While meta-analyzing retrospective cancer patient cohorts, an investigation of differences in the expressions of target oncogenes across cancer subtypes is of substantial interest because the results may uncover novel tumorigenesis mechanisms and improve screening and treatment strategies. Weighting methods facilitate unconfounded comparisons of multigroup potential outcomes in multiple observational studies. For example, Guha et al. (2022) introduced concordant weights, allowing integrative analyses of survival outcomes by maximizing the effective sample size. However, it remains unclear how to use this or other weighting approaches to analyze a variety of continuous, categorical, ordinal, or multivariate outcomes, especially when research interests prioritize uncommon or unplanned estimands suggested by post hoc analyses; examples include percentiles and moments of group potential outcomes and pairwise correlations of multivariate outcomes. This paper proposes a unified meta-analytical approach accommodating various types of endpoints and fosters new estimators compatible with most weighting frameworks. Asymptotic properties of the estimators are investigated under mild assumptions. For undersampled groups, we devise small-sample procedures for quantifying estimation uncertainty. We meta-analyze multi-site TCGA breast cancer data, shedding light on the differential mRNA expression patterns of eight targeted genes for the subtypes infiltrating ductal carcinoma and infiltrating lobular carcinoma.

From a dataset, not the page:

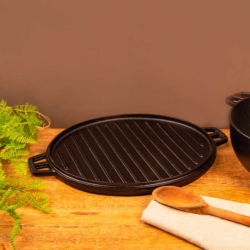Ideal para grelhar, selar e preparar refeições rápidas, a Bifeteira Dupla Face 30 é compatível com fogões a gás, elétricos e vitrocerâmicos, oferecendo versatilidade para o seu dia a dia. Além disso, o ferro fundido proporciona retenção de calor, ajudando a conservar o sabor e a textura das carnes.
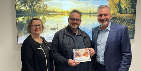 Vorstandsvorsitzender Holger Hürten und Kundenbetreuerin Petra Blöse spielten im Mondorfer Regionalcenter Glückboten und überbrachten dem neuen Mitglied Jürgen Heuser die freudige Nachricht über den Gewinn eines 5-Jahres-Urlaubs-Abos im Gesamtwert von 25.000 Euro.

翻译：在回顾性分析癌症患者队列的荟萃分析中，探究不同癌症亚型之间目标癌基因表达差异具有重要意义，因为其结果可能揭示新的肿瘤发生机制，并改进筛查与治疗策略。加权方法有助于在多观察性研究中实现多组潜在结局的无混杂比较。例如，Guha等人（2022）提出了一致权重方法，通过最大化有效样本量实现生存结局的整合分析。然而，如何利用该方法或其他加权技术分析连续型、分类型、有序型或多元结局仍不明确，尤其当研究焦点关注事后分析中提出的非普通或非预设的估计量（如各组潜在结局的百分位数和矩、多元结局的成对相关性）时。本文提出一种统一元分析方法，可兼容多种类型结局变量，并催生适用于大多数加权框架的新型估计量。在温和假设下研究了估计量的渐近性质。针对欠采样组，我们设计了用于量化估计不确定性的小样本程序。通过对多中心TCGA乳腺癌数据进行荟萃分析，揭示了浸润性导管癌与浸润性小叶癌两种亚型中八个靶基因的差异mRNA表达模式。